I found that at the “Circle-K” stores which litter this city, along with 7-Elevens, they give away the Macau telephone directory. I flicked through one, hoping to, and finally finding, a map of the city. Alright, now I have a map, but it does not have Senado Square on it. But it’s a start. I then started wandering in the direction which I though was most likely to be the right way, until I stumbled upon a tourist map. In the corner, written in rather small type, was a legend which mentioned the Square and from that I found it on the map. A few minutes later and I was on my way, legging it across town to meet the guys for the dragon dance.

I managed to find them, in the square, and in time to catch one of the dragon dances, which was great.

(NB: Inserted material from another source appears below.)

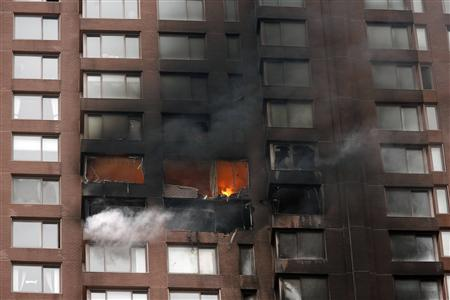 消防局發(fā)言人拉希米說,一架飛機沖進72大街一棟大樓。目擊者稱,這個沖撞導(dǎo)致了很大的聲響,還可以看到燃燒的碎片飛下來。火焰從大廈的窗口冒出。消防員正對大廈著火樓層進行澆水。近200名消防員達到現(xiàn)場參與救援,大火暫定為4級。
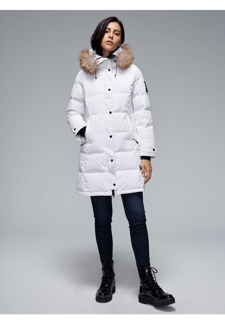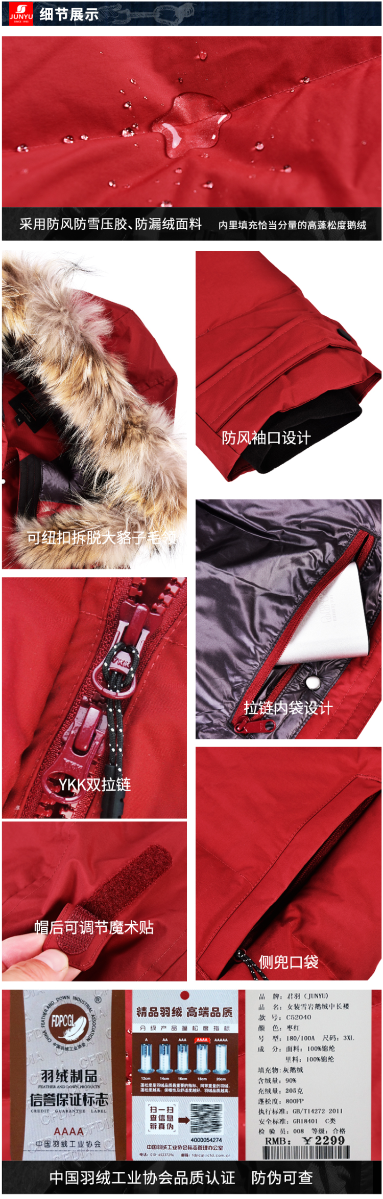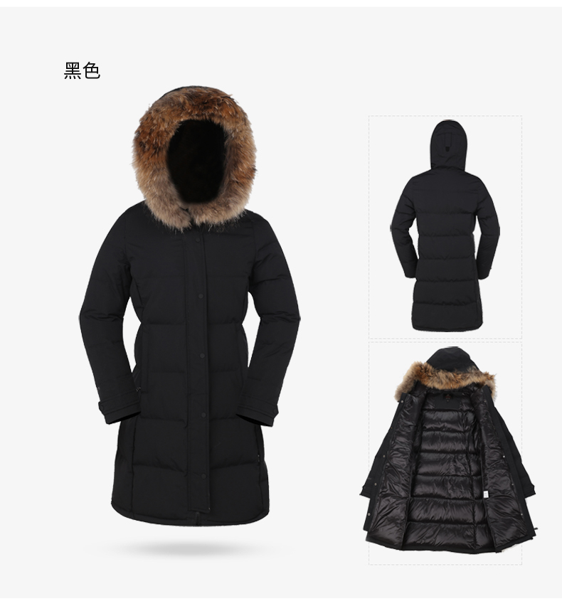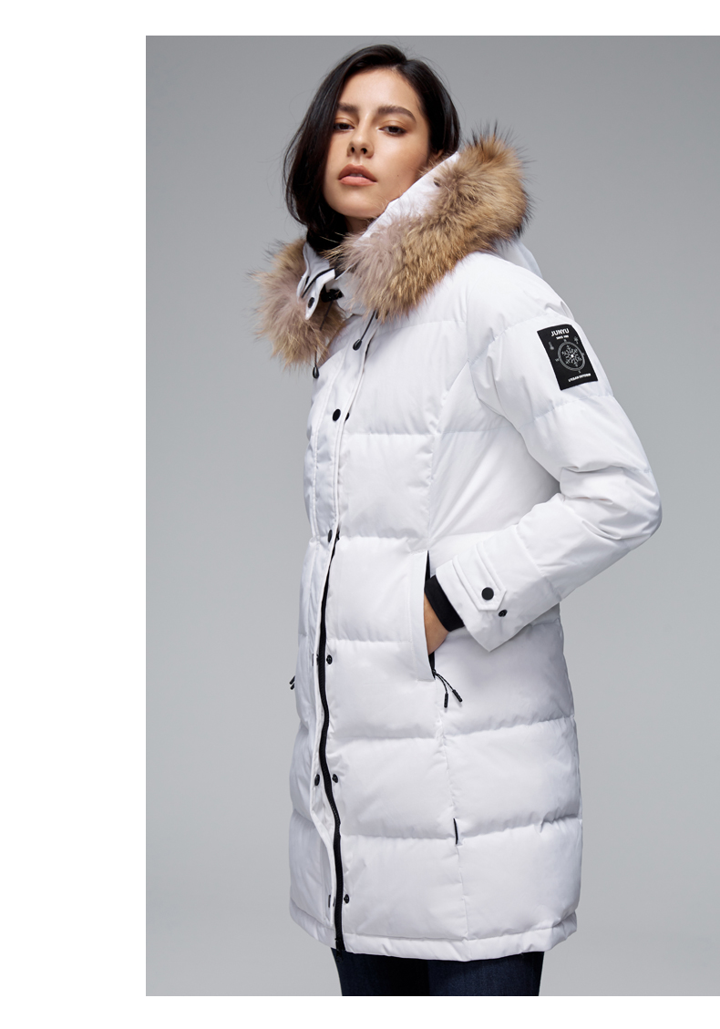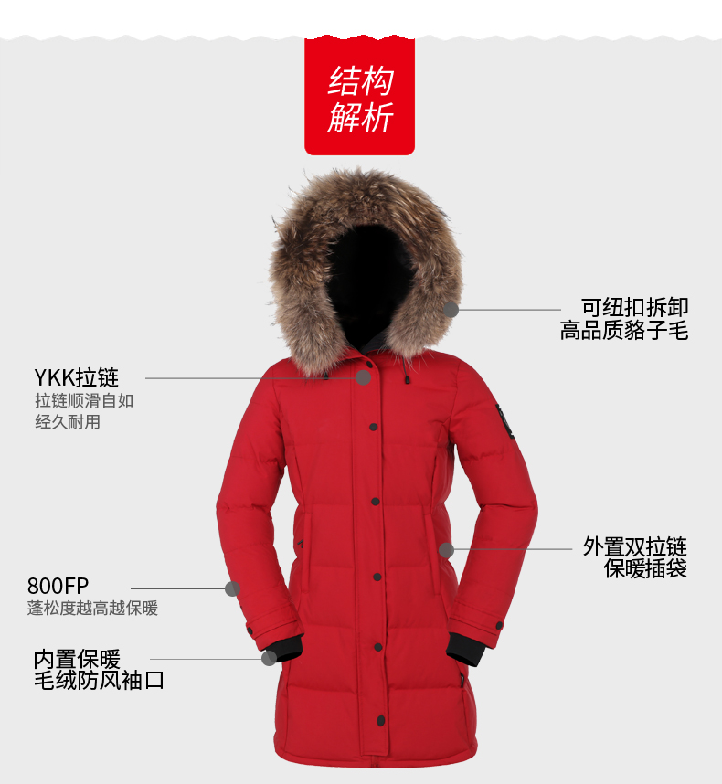 这款君羽雪岩女中长款羽绒服,属于严寒系列,可抗0℃~-15℃,是2018年的冬季款,内里填充了800蓬90%鹅绒,M码充绒177克,属于中厚款羽绒服,外层是高密度耐磨锦纶布,伴有压胶加持,可防风防雨雪。直筒微收腰版型,长度过臀及大腿。

After the show was over, we headed to the MGM Grand casino, as Lena had a ticket in a draw for a Masserati, which a previous Couchsurfer had left with her (you have to gamble a certain amount to be able to be given one of these tickets). But the draw was in a few hours, so we didn’t stick around that long. Instead we grabbed a quick meal and then headed back to the apartment which we then gave a quick clean to as Lena and James were expecting a new housemate that night. Many hands made light work, and we were done in no time, before heading over to “Kun Yam Tong” (a local temple which we use as a landmark for taxis, etc.) to meet May, their new housemate.

On the way back to the house, we stopped by 7-Eleven and bought some beer and then chilled out around the table for a few hours just shooting the breeze.

So, all in all, a very interesting, challenging and rewarding day.

Getting back to the title – one of the things I keep finding about Macau is that it seems to give the impression that it is multicultural with it’s Chinese/Portuguese street and business signage and with some signs also having English on them, and whilst the influences of other cultures are evident in the architecture and food and other aspects of the physical side of Macau, the only language which seems to be used actively for everything here is Chinese. I love the history of the place – don’t get me wrong about that, but it does feel like the city wants to be alot of different things and just doesn’t follow through on all of them.

But, hey, I have only been here for a day – what do I know?